Whereas Windows 8 Pro comes bundled with Microsoft’s Internet Explorer 10 browser, Ubuntu comes with a wide assortment of open-source software packages such as Firefox, Thunderbird, LibreOffice, and more, offering both individual and business users a pretty full suite of functionality.
Beyond those bundled programs, both Ubuntu and Windows 8 offer app stores to help users find the additional software they need.
Dating back to 2009, the Ubuntu Software Center now houses more than 40,000 apps, ranging from games to productivity tools to educational resources. In addition, by using Wine or CodeWeaver’s CrossOver, you can run Windows programs on top of Linux.

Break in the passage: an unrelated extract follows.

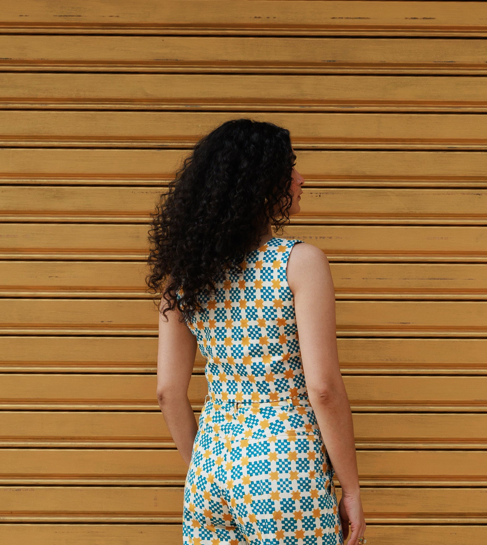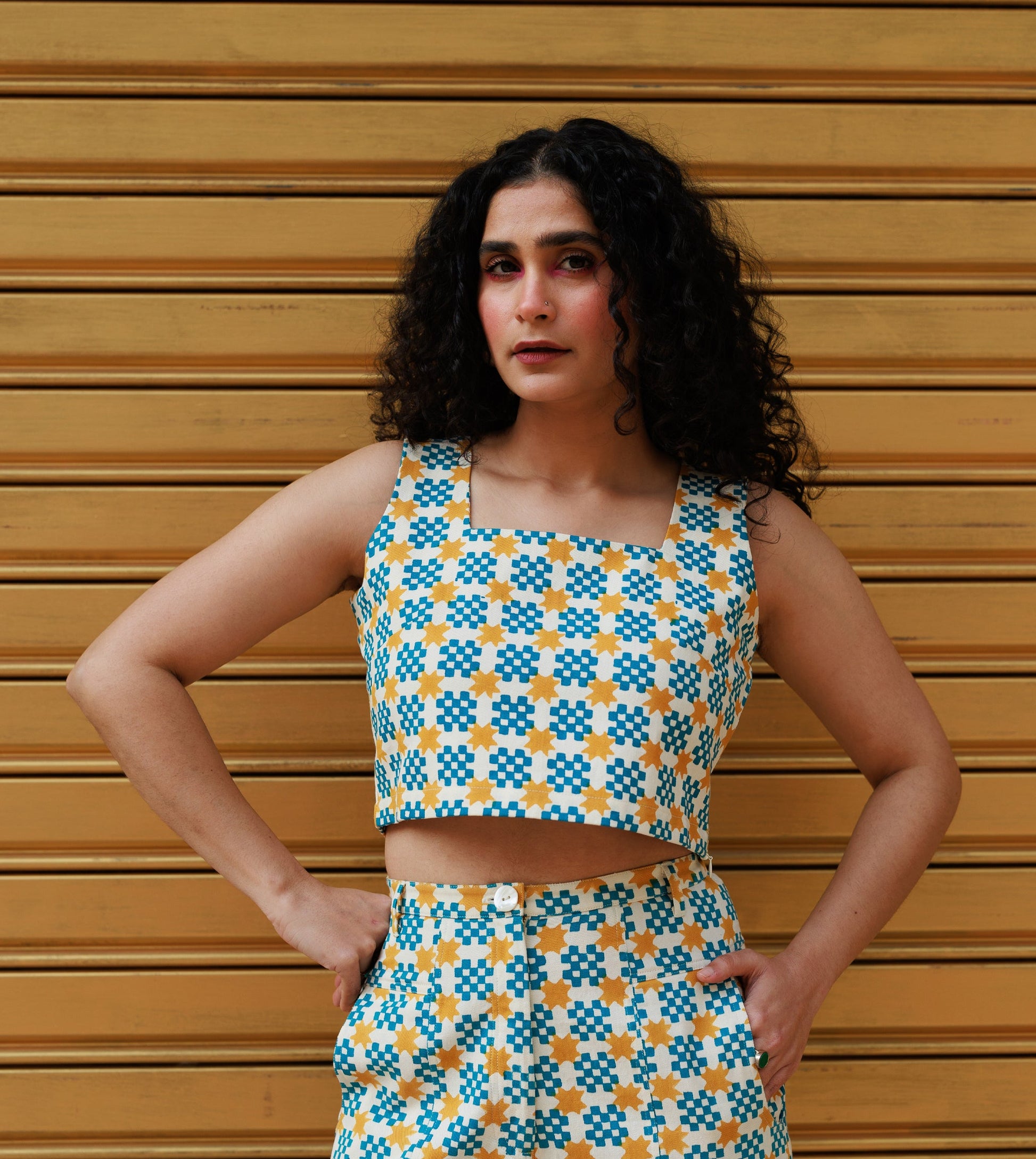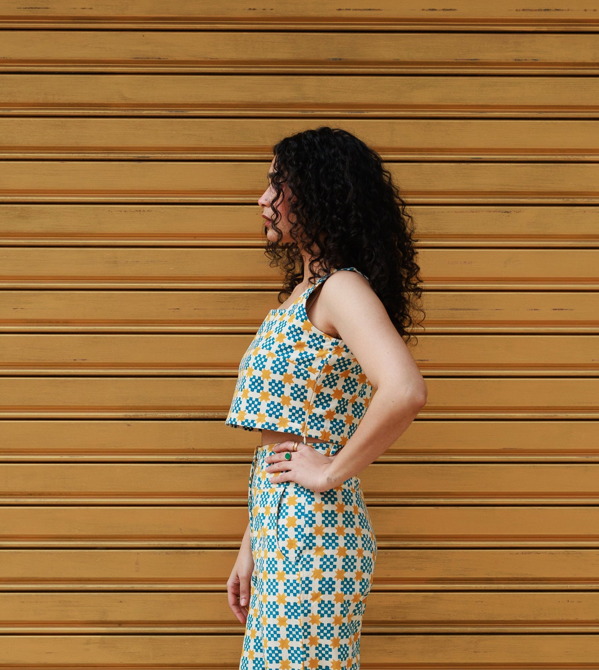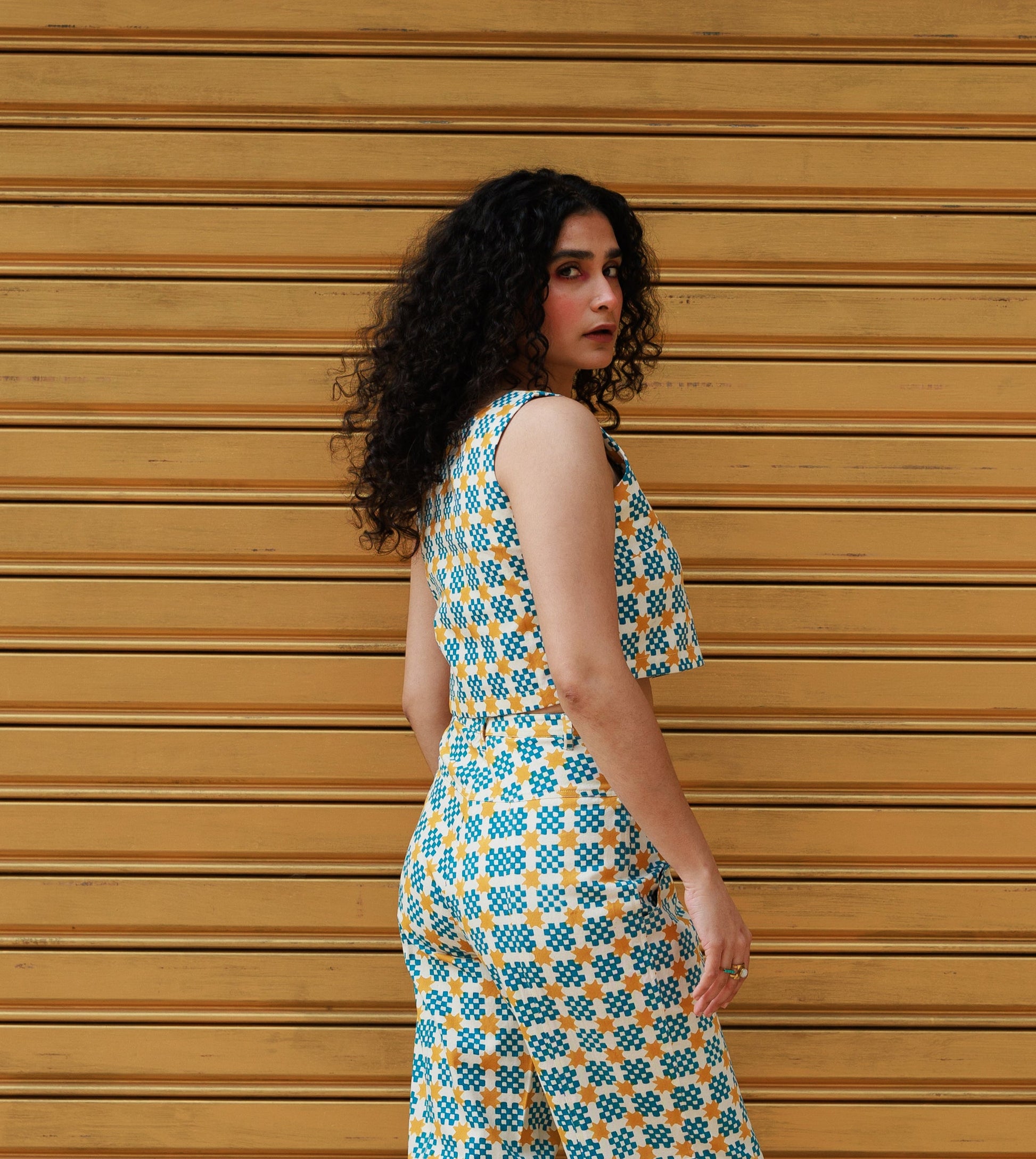 Women’s sleeveless crop top made from hand block printed cotton twill fabric. Top has an invisible zipper on the side for easy wear. This can be worn with a matching pair of pants to create a coordinated look or be worn as separates.Â

The Windows Store just launched with Windows 8, and at the time of its debut it included just over 9000 apps. Microsoft execs have said that they hope to provide 100,000 apps in the Windows Store within 90 days of the Windows launch.
Operating system binaries and drivers, however, will not come from the Windows Store. Rather, it will have both Windows RT (ARM) apps and Windows desktop (“legacy”) apps. Entries for legacy desktop apps in the Windows Store will take users to separate sites where they can purchase or download the apps. Ubuntu’s repository, on the other hand, centrally stores all operating system and app binaries and drivers.
As a result, aside from numbers, a key difference between the two app stores involves security. Ubuntu provides a GNU Privacy Guard (GnuPG) keyring-protected repository system wherein each application and driver has a unique keyring identity to verify its authenticity and integrity as having come only from the Ubuntu repo system. The keyring method of protection has been highly effective at ensuring that no rogue applications find their way into the repo—or onto users’ PCs.
Historically, Microsoft Windows has lacked such a keyring-protected repository. Although Microsoft does support its OS with monthly Windows Updates, no comparable third-party vendor support for updates exists. Because of this situation, users have had to venture online to obtain their own third-party-supported updates manually at separate websites. The Windows Store was developed to mitigate that risk and is specifically designed to curate apps, screen apps, and provide the capability to purchase apps. Time will tell how well it succeeds.